Extracted data entries
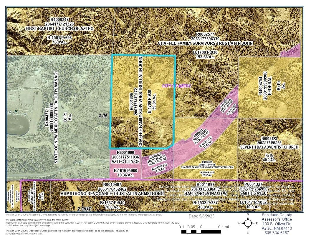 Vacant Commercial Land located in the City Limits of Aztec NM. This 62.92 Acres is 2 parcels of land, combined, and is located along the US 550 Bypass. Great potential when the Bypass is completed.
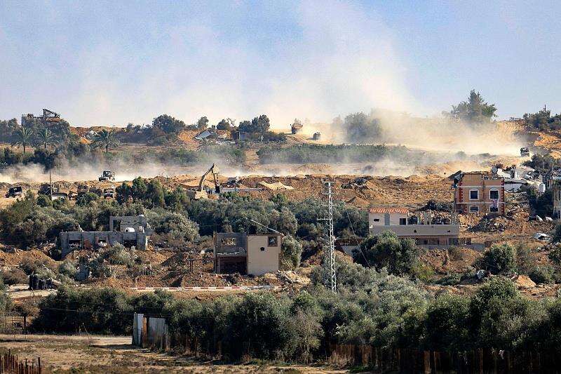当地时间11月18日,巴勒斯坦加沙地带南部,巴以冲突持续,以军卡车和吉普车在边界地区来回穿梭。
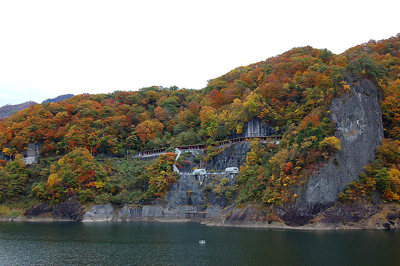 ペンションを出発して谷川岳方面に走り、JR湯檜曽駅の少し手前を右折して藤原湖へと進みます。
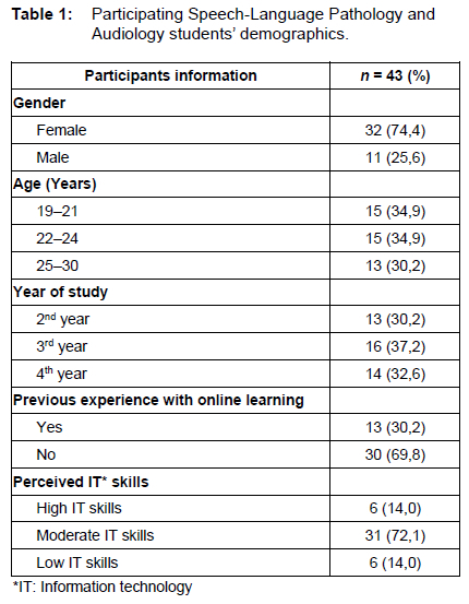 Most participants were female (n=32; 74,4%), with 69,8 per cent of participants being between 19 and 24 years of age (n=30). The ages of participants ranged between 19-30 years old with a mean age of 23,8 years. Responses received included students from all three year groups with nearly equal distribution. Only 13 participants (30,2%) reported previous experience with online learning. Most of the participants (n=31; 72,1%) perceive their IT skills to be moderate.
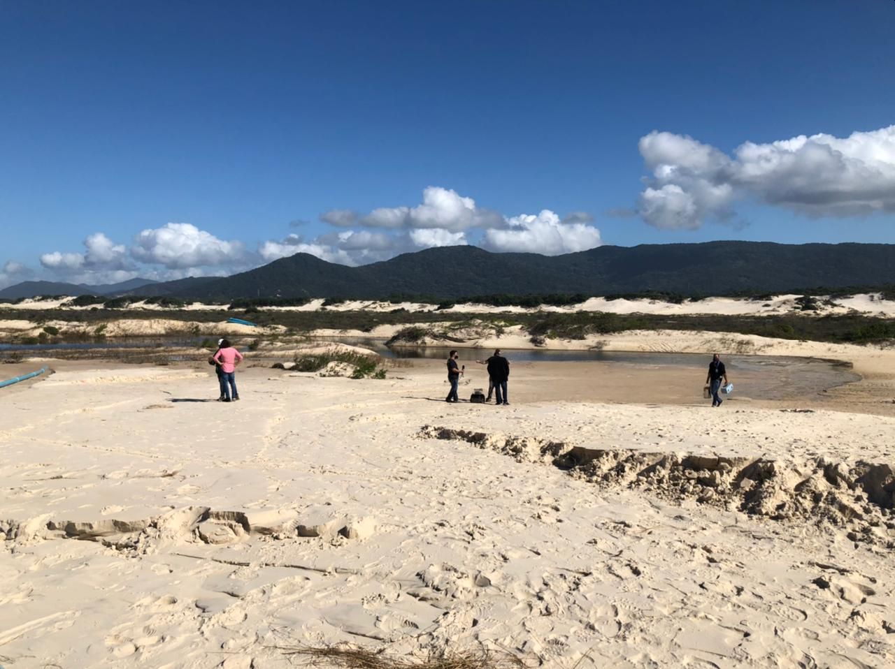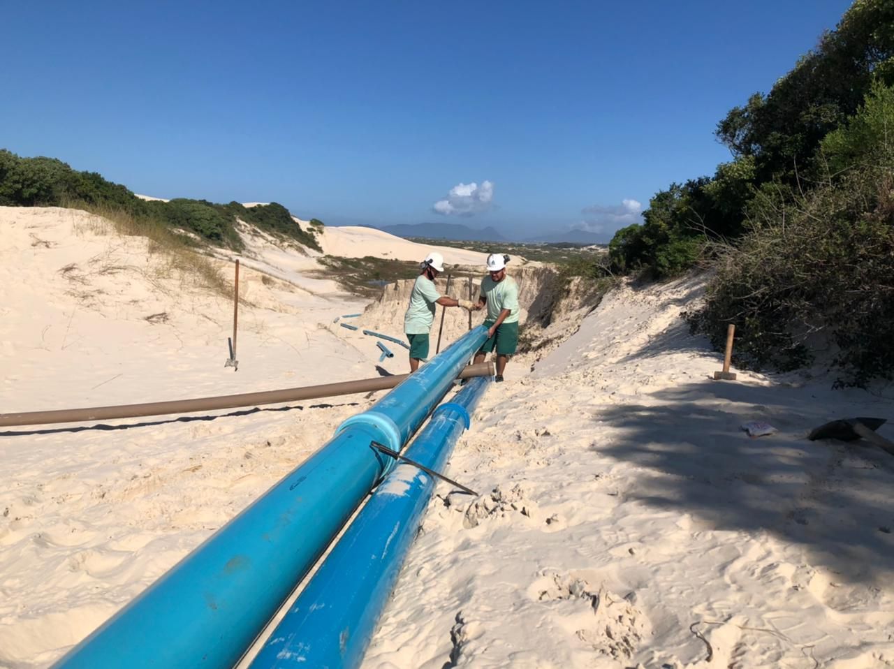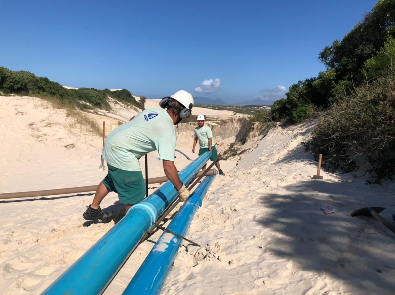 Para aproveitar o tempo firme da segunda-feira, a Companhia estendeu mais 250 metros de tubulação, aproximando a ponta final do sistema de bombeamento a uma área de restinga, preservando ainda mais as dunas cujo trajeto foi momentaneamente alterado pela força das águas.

Required work — Copy the data exactly. Pictures do not belong in the copy.

Finished task —
 Vacant Commercial Land located in the City Limits of Aztec NM. This 62.92 Acres is 2 parcels of land, combined, and is located along the US 550 Bypass. Great potential when the Bypass is completed.
当地时间11月18日,巴勒斯坦加沙地带南部,巴以冲突持续,以军卡车和吉普车在边界地区来回穿梭。
 ペンションを出発して谷川岳方面に走り、JR湯檜曽駅の少し手前を右折して藤原湖へと進みます。
 Most participants were female (n=32; 74,4%), with 69,8 per cent of participants being between 19 and 24 years of age (n=30). The ages of participants ranged between 19-30 years old with a mean age of 23,8 years. Responses received included students from all three year groups with nearly equal distribution. Only 13 participants (30,2%) reported previous experience with online learning. Most of the participants (n=31; 72,1%) perceive their IT skills to be moderate.
 Para aproveitar o tempo firme da segunda-feira, a Companhia estendeu mais 250 metros de tubulação, aproximando a ponta final do sistema de bombeamento a uma área de restinga, preservando ainda mais as dunas cujo trajeto foi momentaneamente alterado pela força das águas.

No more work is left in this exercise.